The curator of the African art exhibit at Brooklyn Museum is white…why?

Farida Dawkins March 29, 2018
Brooklyn Museum, Brooklyn, NY...OurBKSocial

On Monday, the Brooklyn Museum appointed Kristen Windmuller-Luna as the new curator for the African art collection according to the museum’s press release. What people – particularly black people are up in arms about is the fact that Windmuller-Luna is white.  The museum also hired Drew Sawyer as the Phillip Leonian and Edith Rosenbaum Leonian Curator of Photography. He is also white.

“We are thrilled to welcome Drew and Kristen to our fantastic curatorial team during this period of great momentum as we expand exhibitions, public programs, and educational reach,” said Anne Pasternak, the museum’s director, according to Newsweek.

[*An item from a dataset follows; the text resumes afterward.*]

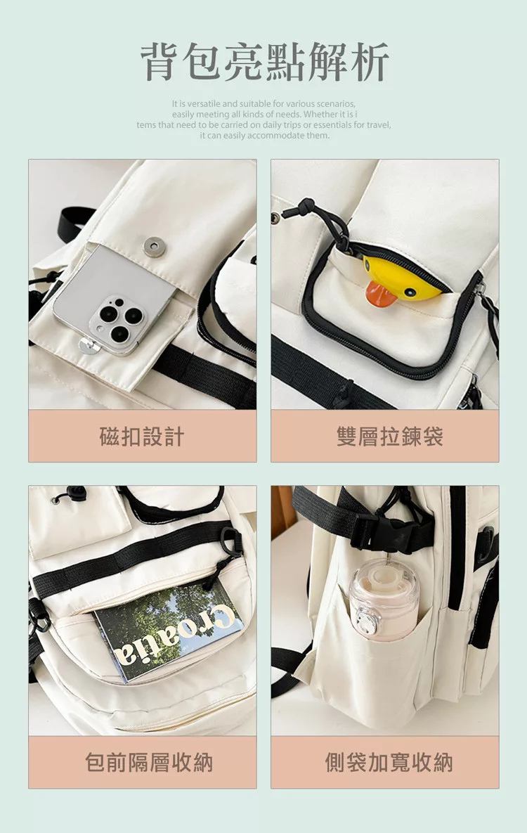 CHENSON 外出最愛中尺寸8口袋後背包 (CG83329-3) 黑

“Windmuller-Luna will assess and rethink the Brooklyn Museum’s extensive holdings of African art, which is comprised of more than 6,000 objects, and organize an innovative, freshly conceived temporary installation showcasing the breadth and depth of the collection,” Pasternak continued.

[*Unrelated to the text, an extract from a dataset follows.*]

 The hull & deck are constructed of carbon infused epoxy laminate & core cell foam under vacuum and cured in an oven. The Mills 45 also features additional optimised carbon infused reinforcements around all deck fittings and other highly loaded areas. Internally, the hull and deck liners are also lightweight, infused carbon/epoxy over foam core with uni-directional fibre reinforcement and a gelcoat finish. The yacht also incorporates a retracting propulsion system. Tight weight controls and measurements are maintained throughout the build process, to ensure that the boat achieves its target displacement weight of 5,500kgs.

This spotlights a very obvious lack of diversity prevalent in the art world. According to a museum demographic survey completed by the Andrew W. Mellon Foundation in 2015, African-Americans only comprise 4 percent of educators and curators. Blacks are more than likely to occupy security and janitorial roles.

“The outrage around Brooklyn revolves around public misconceptions—[…] that African art scholars and curators are largely people of color,” Steven Nelson, an African and African American art history professor at the University of California, Los Angeles, told Newsweek. “Yet the field of African art history in the U.S. is largely white and female. I am one of a small handful of African Americans who specialize in African art history.”

Art historian and Cornell University professor Ananda Cohen-Aponte is not questioning the competence of Windmuller-Luna but she has started a conversation and hopes to highlight people of color presently working in the art profession. “This by no means discredits the achievements & qualifications of these curators,” Cohen-Aponte tweeted, “but saw this story making the rounds on my FB & can’t help thinking how tropes of museum curators as gatekeepers (eg, #BlackPanther) draw on real world examples #POCarthistory

“For folks joining the conversation around @brooklynmuseum’s recent hire,” Cohen-Aponte tweeted, “check out the growing #POCarthistory thread of art historians of color on Twitter, where many are discussing the larger structural forces behind inequities in the field beyond one individual & institution.”

“My aim is to bring greater representation to art history as a whole,” she added. “This is not about ‘counting grains of pepper in the salt shaker.’ As it stands, scholars of color are severely underrepresented as a whole—in the museum, the gallery, the university.”

So, now would be the time for blacks to consider delving into professions that show an underrepresentation of people of color – and make their mark.